Calculation operation takes 5ms, DB operation takes 100ms, how do you set the number of threads on an 8-CPU server?

If you don’t know, please take the final exam of grade 3 and do it again (stay for tonight’s self-study). The answer is:

Number of threads = 8 * (1 + 100/5) = 168

If the upper limit of Query Per Second (QPS) is 1000, how many threads should be set to?



Does increasing the number of CPU cores necessarily solve the problem?

Seeing this, some students may think that even though I have calculated the theoretical number of threads, the actual NUMBER of CPU cores is not enough, which will bring the overhead of thread context switch. Therefore, we need to increase the number of CPU cores in the next step. Can we blindly increase the number of CPU cores necessarily solve the problem?

In talking about mutex, I intentionally left out one thing:



How do you understand this formula?



This result tells us that if our serialization rate is 5%, then whatever technology we use will only improve performance by a factor of 20.

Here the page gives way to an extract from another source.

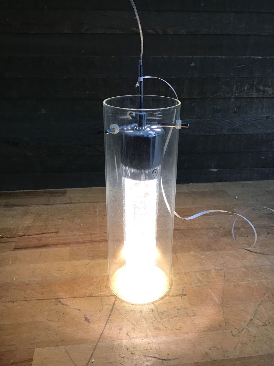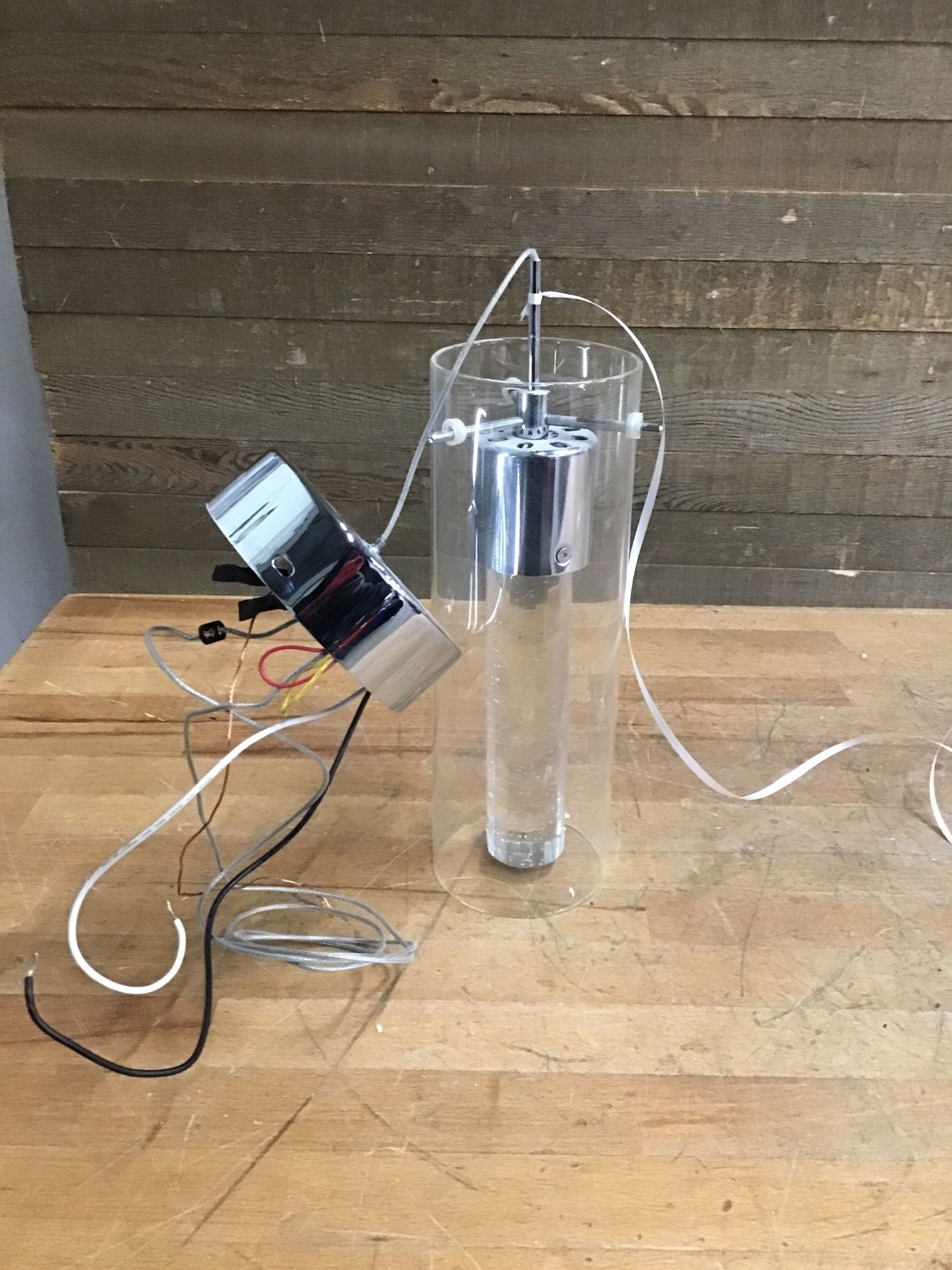Nifty single-bulb LED pendant light fixture with a really cool piece of bubble glass in the shade. Come with sleek chrome finished hardware, and the height of the pendant is adjustable. This one came to us in great condition and retail can be seen here, though you will need a bulb and mounting hardware. Measurement for length is total adjustable length from ceiling, height is length of shade, width is canopy*

How to understand the serial percentage in a simple and crude way (in fact, the tool can get this result)? Here’s a tip:

Tips: Critical sections are serial, non-critical sections are parallel, and the time it takes to execute a critical section with a single thread/time it takes to execute a critical section with a single thread (critical section + non-critical section) is the serial percentage

Now you know what I mean when I talk about synchronized:

Minimize the size of the critical section, because the size of the critical section is often the bottleneck problem, rather than trying to use a try catch all at once

conclusion

Multithreading is not necessarily more efficient than single-threading, such as the famous Redis (more on that later), because it is memory based, in which case single-threading can use CPU more efficiently. Multithreaded usage scenarios typically involve a significant proportion of I/O or network operations

In addition, combined with primary school math problem, we’ve learned how to process from the qualitative to the quantitative analysis, before starting without any data, we can use the above experience as a standard, the second is to gradually with the actual tuning (integrated CPU, memory, hard disk read and write speed, network status, etc.)

Finally, blindly increasing the number of CPU cores does not necessarily solve our problem, which requires us to write strict concurrent program code

Soul asking

  1. Why create a thread pool when we already know how many threads are appropriate?
  2. What does it take to create a thread? Why is frequent thread creation expensive?
  3. Multithreading is usually concerned with shared variables, so why are local variables not thread-safe?
  4. .

Wechat search BGM7756, free access to a full set of architecture information!



Space is limited! Some information pictures are as follows!